EXERCISE AIM
Output exactly the lines of the listing below that run from the line with "Кухонний розкладний стіл" through the line with "- Personalizar nome". No pictures.

RECORDS FOR THE EXERCISE
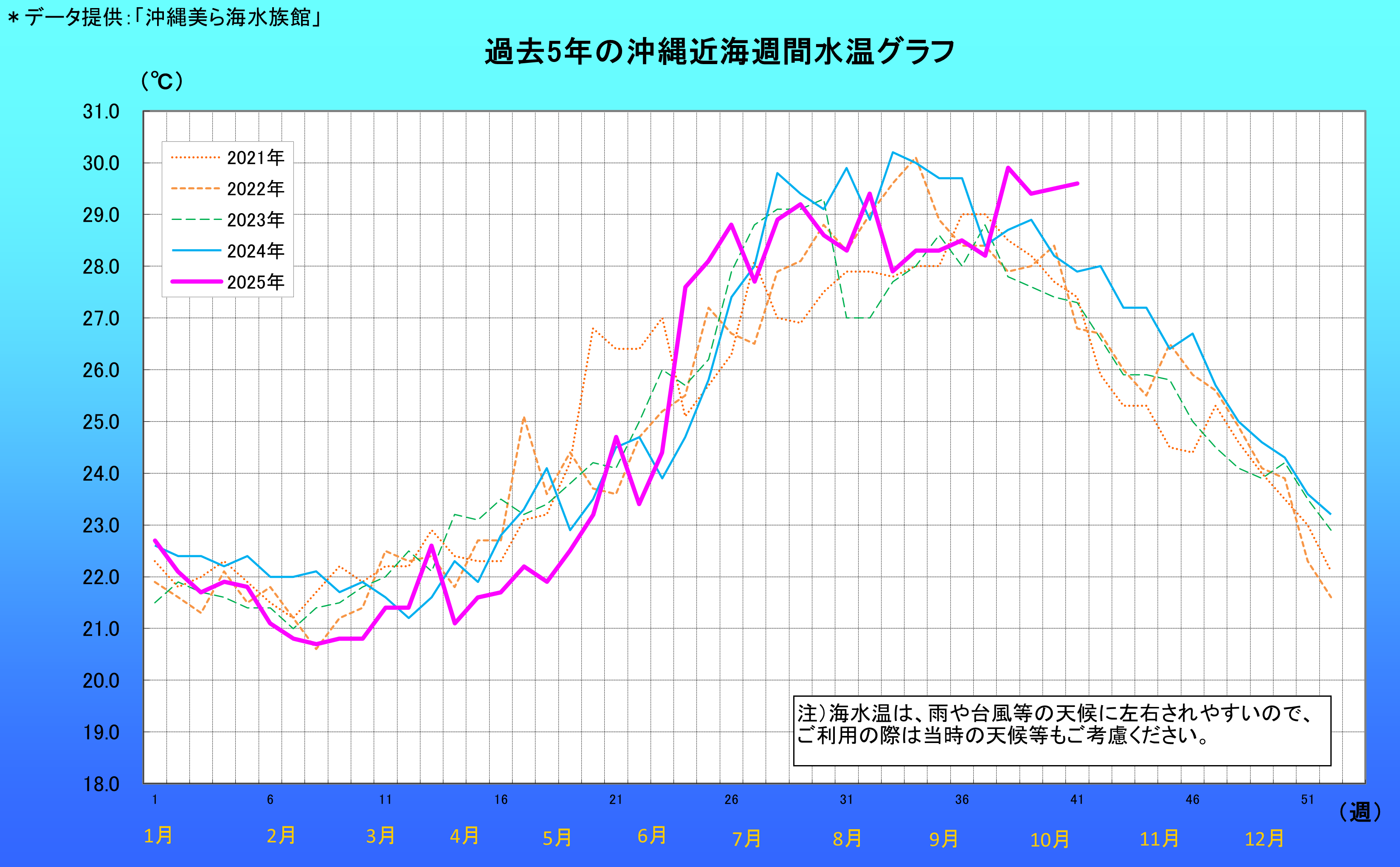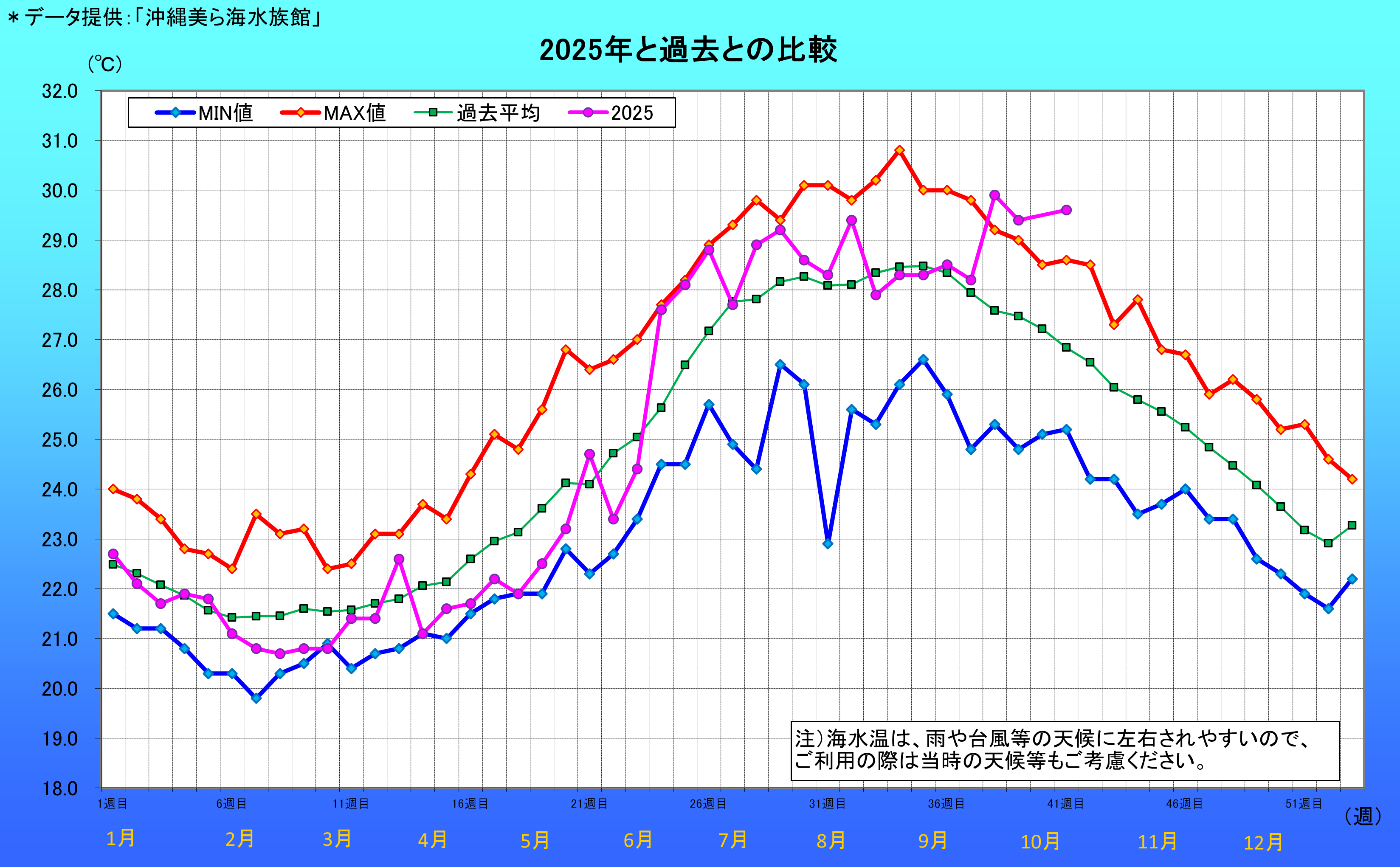 「沖縄美ら海水族館」の御協力を得て、毎週金曜日の午前10時頃に同水族館沖合300m地点の水深20mからポンプにて採取し、 配水管を通じ水槽に入る直前の海水温を取りまとめています。
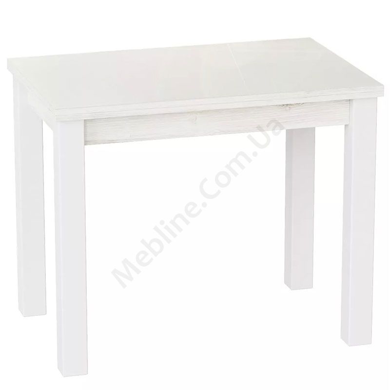 Кухонний розкладний стіл на дерев’яних ніжках зі скляною стільницею білого кольору.
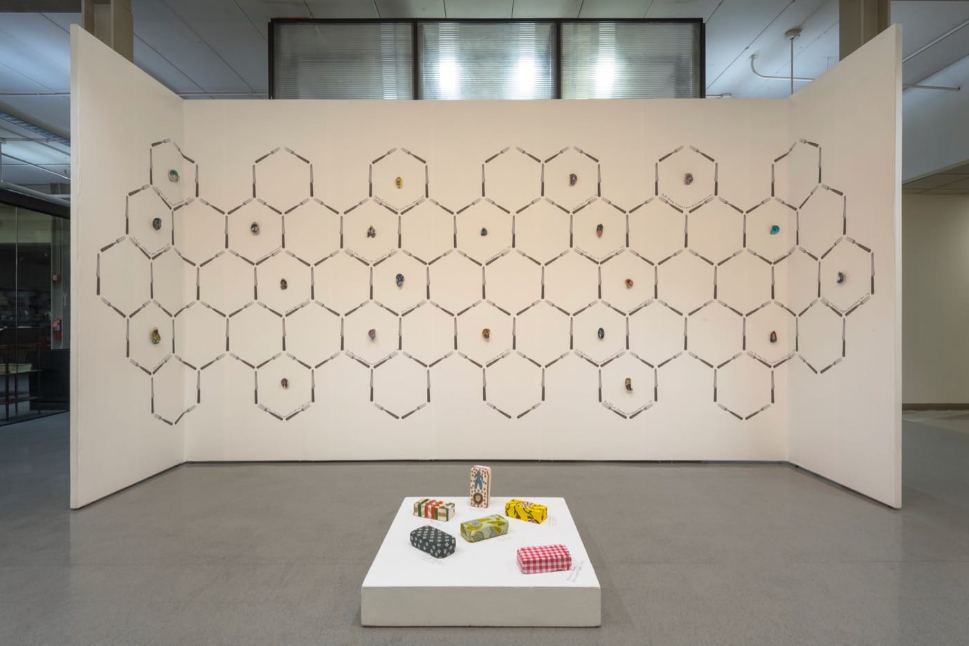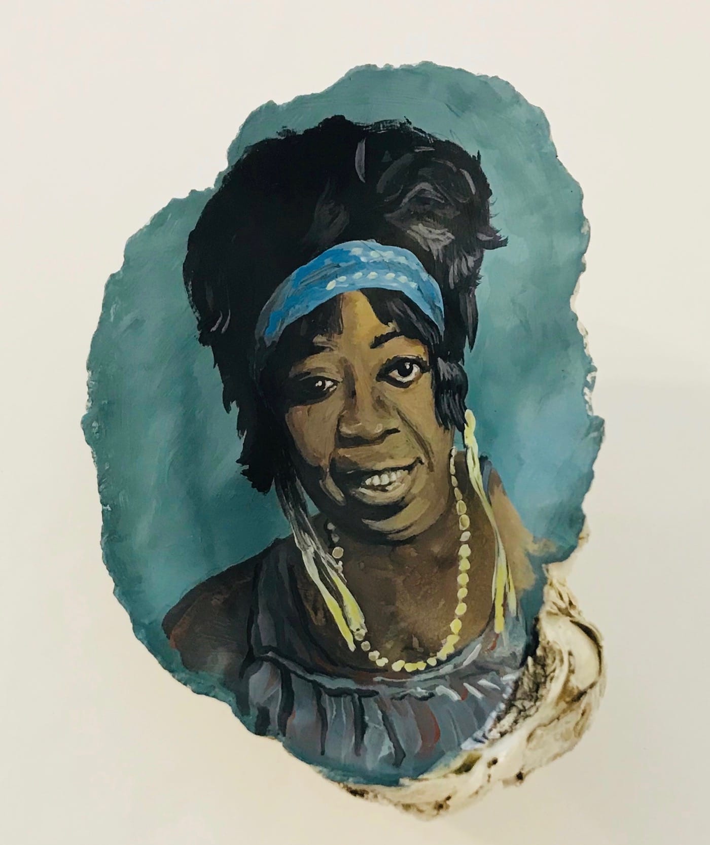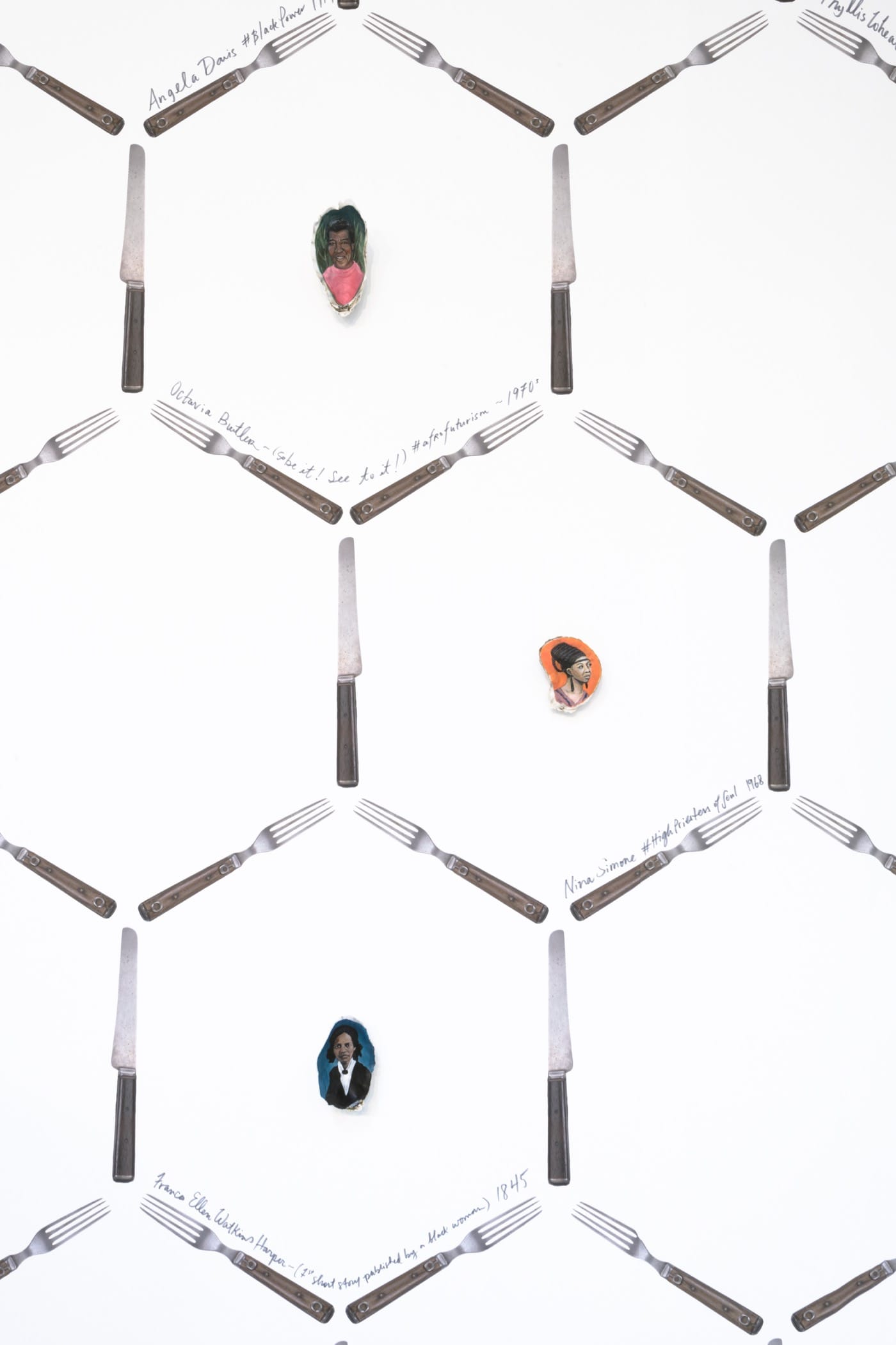 Using Tubman as a base for this installation, and the “Oyster knife” title (a quote from a 1928 Zora Neale Hurston essay) Adams constructs a web of black female excellence one portrait at a time. It’s an inclusive space where Ma Rainey, Shirley Chisholm, bell hooks, Bree Newsome, Josephine Baker, and many others come together to fill in the blanks that plague most history books and cultural canons. The background pattern is cohesive and visually compelling from a distance, and each shell is unique and warm, each portrait amended with added handwritten text, inviting motivated viewers to learn more.
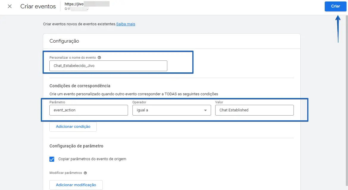 - Personalizar nome do evento: você pode escrever de acordo com o evento a ser mapeado, por exemplo: "Chat_Estabelecido_JivoChat"
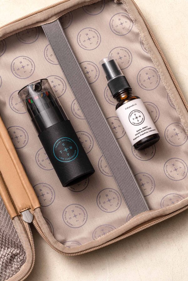 With travel resuming at long last, the 2022 direction for the TSMP Law Corporation’s client appreciation kit is travel edition themed. Working closely with the firm, we conceived the idea of combining practicality with tasteful aesthetics. This year’s gift from TSMP Law Corporation comes in the form of an amenity kit that includes a meaningfully-written appreciation note, a bottle of hand sanitiser, and a pocket-sized notebook, complete with a tube of handy colour pencils for thoughts and doodles that may arise.
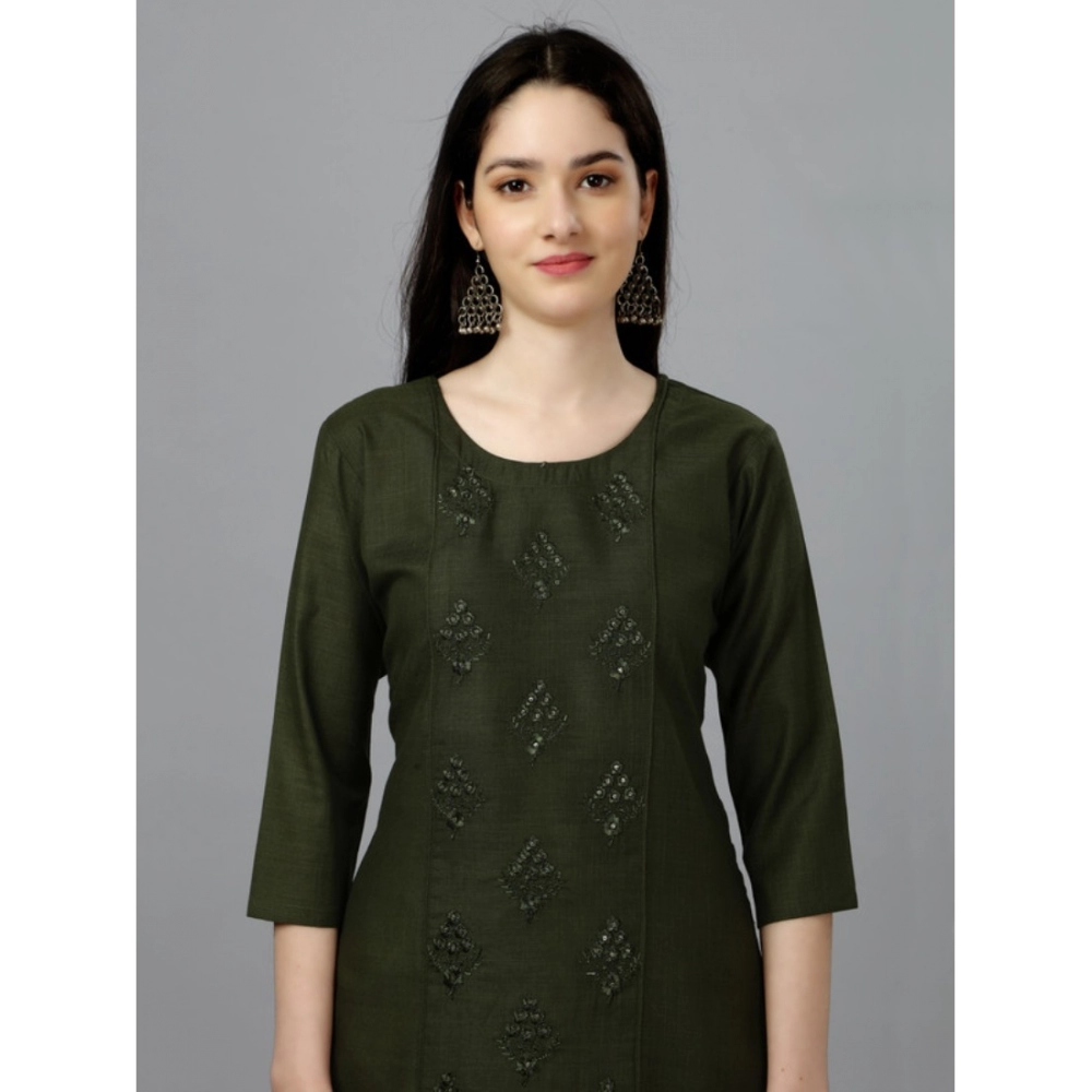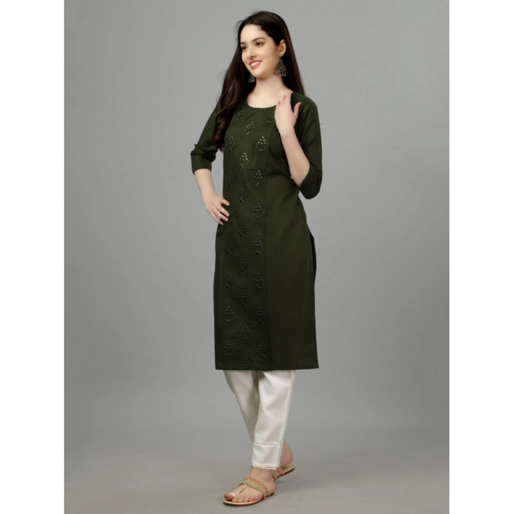 Generic Women’s Casual 3-4 th Sleeve Embroidery Cotton Kurti (Dark Green)

EXERCISE ANSWER
 Кухонний розкладний стіл на дерев’яних ніжках зі скляною стільницею білого кольору.
 Using Tubman as a base for this installation, and the “Oyster knife” title (a quote from a 1928 Zora Neale Hurston essay) Adams constructs a web of black female excellence one portrait at a time. It’s an inclusive space where Ma Rainey, Shirley Chisholm, bell hooks, Bree Newsome, Josephine Baker, and many others come together to fill in the blanks that plague most history books and cultural canons. The background pattern is cohesive and visually compelling from a distance, and each shell is unique and warm, each portrait amended with added handwritten text, inviting motivated viewers to learn more.
 - Personalizar nome do evento: você pode escrever de acordo com o evento a ser mapeado, por exemplo: "Chat_Estabelecido_JivoChat"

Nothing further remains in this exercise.